Namun, itu sedikit lebih panjang dari pedang biasa dan juga lebih tebal. Bilahnya tidak tajam sama sekali, ujungnya tumpul.


"Ini... adalah pedang tak berujung!" Li Moying tersentak.


Huang Yueli menjawab, "Bukan hanya itu pedang tanpa ujung, itu adalah pedang berat dari atribut guntur!"

__ADS_1


Pedang adalah senjata yang paling sering terlihat di Benua Surga yang Melonjak dan itu adalah senjata pilihan mayoritas pembudidaya. Ada juga segudang jenis pedang di luar sana.


Menurut panjang bilahnya, pedang itu dibagi menjadi pedang pendek, pedang panjang, dan pedang besar. Mereka juga memiliki berbagai tingkat kekerasan serta bentuk yang dapat diklasifikasikan lebih lanjut menjadi pedang lurus, pedang melengkung, pedang sabit atau bahkan pedang ular. Mereka juga dapat diklasifikasikan menurut beratnya seperti pedang lebar.


Selain itu, karena cara menyerang yang berbeda, ada juga berbagai keuntungan antara pedang tanpa tepi dan pedang dengan ujung yang tajam.


Pedang biasa dengan tepi biasanya ringan, tipis, fleksibel dan tajam. Pedang yang benar-benar bagus adalah pedang yang bisa memotong emas dan menghancurkan batu giok. Saat bertarung, ia mengandalkan ketajaman tepi untuk menebas dan menyerang musuh.


Pedang tak berujung adalah kebalikannya di mana ia sering ditempa sebagai pedang yang berat. Untuk jenis pedang ini, jika tidak ada Qi Mendalam di dalamnya, tidak ada hal yang mematikan sama sekali.


Namun bahan yang digunakan dalam menempa pedang ujung lebih langka karena bisa menyerap Qi Mendalam dari kultivator. Tidak hanya itu, ia bahkan bisa menyerap Qi Mendalam di langit dan bumi untuk membantu serangannya. Oleh karena itu, di tangan seorang kultivator yang kuat, potensi mengerikannya akan dilepaskan dan mendatangkan malapetaka ke langit dan bumi!


Dalam hal menempanya, pedang tanpa ujung adalah rintangan besar dan dapat dikatakan bahwa itu adalah ujian bagi Master Persenjataan. Hampir semua pedang tak berujung hanya dibuat oleh Master Persenjataan yang setidaknya kelas enam.

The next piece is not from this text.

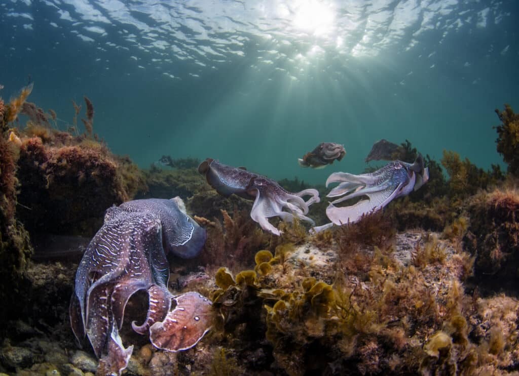 “During the winter months, hundreds of thousands of giant cuttlefish (Sepia Apama) aggregate in the shallow waters of the upper Spencer Gulf in South Australia,” Sly explained in a statement. “The cuttlefish arrive here with just one thing on their minds: mating!”

Tidak hanya itu, semua bahan harus setidaknya kelas enam untuk dapat menahan Qi Mendalam yang intens yang diilhami ke dalamnya selama pertempuran.


Pedang tak berujung di tangan Huang Yueli luar biasa.

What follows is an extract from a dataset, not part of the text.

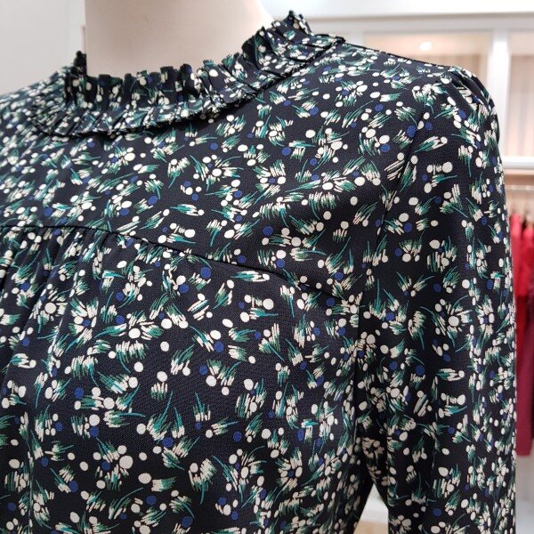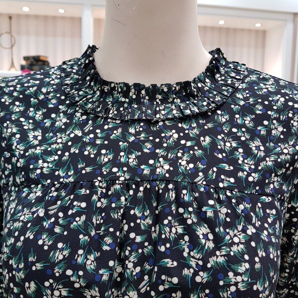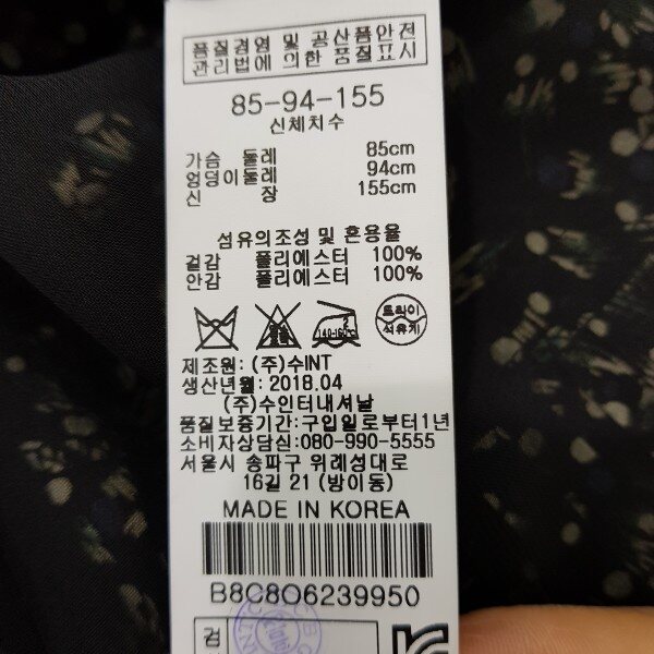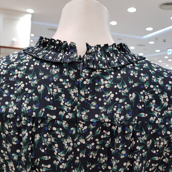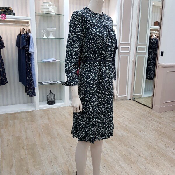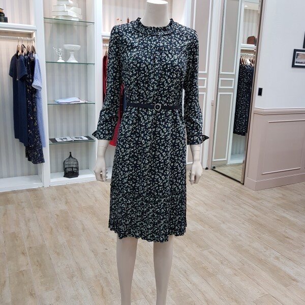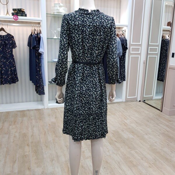 넥라인 레이스와 밑단주름 디테일이 돋보이는 원피스느벨트로 르즈하게 연출 해도 좋아요~55기준 총장94cm

Hanya dengan memegangnya di tangannya, dia sudah bisa merasakan tekanan menindas yang diberikannya. Seolah-olah seorang tuan yang tiada taranya berdiri di depannya dan sangat membebaninya dan dia bahkan berjuang untuk menahannya.

__ADS_1


Pada saat inilah tangannya gemetar dan pedang panjang itu jatuh ke tanah.

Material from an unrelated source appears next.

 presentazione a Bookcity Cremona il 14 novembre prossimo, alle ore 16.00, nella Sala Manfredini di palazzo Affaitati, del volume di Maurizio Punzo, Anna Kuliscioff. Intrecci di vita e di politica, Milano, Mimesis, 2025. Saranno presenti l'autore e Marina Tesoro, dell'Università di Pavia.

Li Moying segera mengulurkan tangan untuk menangkapnya.


"Bagaimana kamu bisa begitu ceroboh?" Dia bertanya dengan penuh kasih sayang saat dia membawanya.


Namun, Huang Yueli tidak mengulurkan tangannya untuk mengambilnya.


“Pedang ini… telah menolakku. Aku tidak menjatuhkannya secara tidak sengaja tetapi dia terus berusaha menjauhkan diri dariku. Sepertinya… dia tidak menyukaiku.”


Li Moying terkejut dan dia melihat pedang di tangannya.


Pedang tetap patuh di tangannya dan tidak ada sesuatu yang tampak tidak pada tempatnya.


Dia kemudian tiba-tiba melebarkan matanya dan bertanya dengan heran. “Apakah kamu mengatakan bahwa… pedang ini memiliki kesadaran diri? Tetapi jika itu masalahnya, mengapa aku tidak bisa merasakannya?”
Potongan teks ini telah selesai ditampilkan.